Written by Mihir Vasavda | Updated: October 6, 2017 1:26 pm
fifa u-17 world cup, u-17 world cup, india u-17, india vs usa, amarjit singh, Luis Norton de Matos, football, sports news, indian express India Under-17 captain Amarjit Singh attends a press conference on the eve of the team’s match against USA in New Delhi. (Source: PTI)

Barely five days after they will play their last Group Stage match, India’s under-17 team is likely to play Qatar. This isn’t crystal ball gazing of their Round of 16 opponent at the World Cup. But as the tournament will shift gears and move into the knockout stages, India will return to doing what they’ve done for the last two years — play practice games.

Before that happens, though, the most-prepared Indian team will be put through a severe test. They have travelled across the world and played more than 100 matches in anticipation of this day. India eventually had to host the World Cup to be a part of it. And this Class of 2000 will become the first-ever Indian football team to play a World Cup — any World Cup — when they take on the USA tonight.

It’s a momentous occasion, nevertheless. On Thursday evening, just when India captain Amarjit Kiyam entered the press-briefing room, the hashtag ‘back the blue’ was trending on Twitter. Bollywood actors, cricketers and football stars were all tweeting their best wishes.

Amidst all this hype, however, the All India Football Federation (AIFF) has remained realistic about the team’s abilities. “The excitement has built up. The momentum is good and stadium will be full. Realistically, everybody realizes we are in a tough group. But nobody is looking at performance per se of the Indian national team. The coach (Luis Norton de Matos), however, is saying don’t be surprised if there are upsets,” AIFF president Praful Patel says.

Patel had a wry smile on his face when he finished his last sentence. The parameters for success, in India’s case, are vague. A goal? A draw? A defeat margin of two or less goals? A win, even Patel knows, is taking it a bit too far.

Past record

India played the USA at the AIFF Youth Cup in Goa last year. USA won that match 4-0, their superior physique and technique proving too much for India to handle. It could have been more had they capitalised on their chances.

“But this doesn’t matter. When we played India last year, there were 40 people watching. On Friday, I am told there will be 40,000. To play with so many people cheering for you, the adrenaline rush really helps,” USA coach John Hackworth says.

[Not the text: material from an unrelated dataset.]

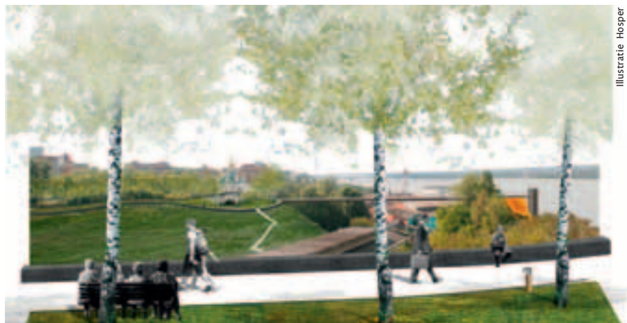
Voorstel voor de herinrichting van de Yegoshika vallei. Links de bestaande situatie.

Adrenaline is something India are banking on, as well. The blaring of vuvuzelas and a packed stadium was a crucial factor that earned South Africa the 1-1 draw against much-superior Mexico in the opening match of the 2010 World Cup. If Rahim Ali does a Siphiwe Tshabalala, that’ll perhaps qualify as an ‘upset’.

But he’ll be up against a goalkeeper, CJ Dos Santos, who is with Benfica and a defender (Sergino Dest) who plays for Ajax youth team — and they aren’t even USA’s best players. They have come to Delhi with one of their most talented U-17 squads.

Striker Josh Sargant has already played a World Cup, the Under-20 one in South Korea earlier. His performances there were so good that he is now being chased by several European clubs. Werder Bremen, reportedly, are close to signing him. His teammate Timothy Weah, a striker, is already with PSG youth team.

Even though they have a squad brimming with such talent, USA are not the favourites. That tag belongs to Brazil or Ghana, also in India’s group, and Mexico, who are widely regarded as the underdogs. Spain possess midfielders with most flair while Germany are here with perhaps one of the best strike-force.

USA will be keen to make a statement. A big win against the hosts in their opening match would sound out a warning for the rest. There are up against a team that doesn’t have a player in Europe. These are children of tailors and fishermen who are nowhere on the radar of the foreign clubs. But Hackworth regards India as the ‘hardest-working’ team he has faced in the last two years.

De Matos is hoping his team’s work-ethic, coupled with the execution of tactics, will help them achieve a ‘respectable’ result. Not surprisingly, India will be adopting a defensive mindset and try to hit USA on the counter. “We know we have a small percentage of winning against the US but you never know what will happen in a game of football,” De Matos says. “We will prepare well for this small percentage and try to make these small possibilities count.”

But Patel and the AIFF are not getting drawn into the hype. “As long as they give us spirited performance, that’s more than what the people are looking,” Patel says.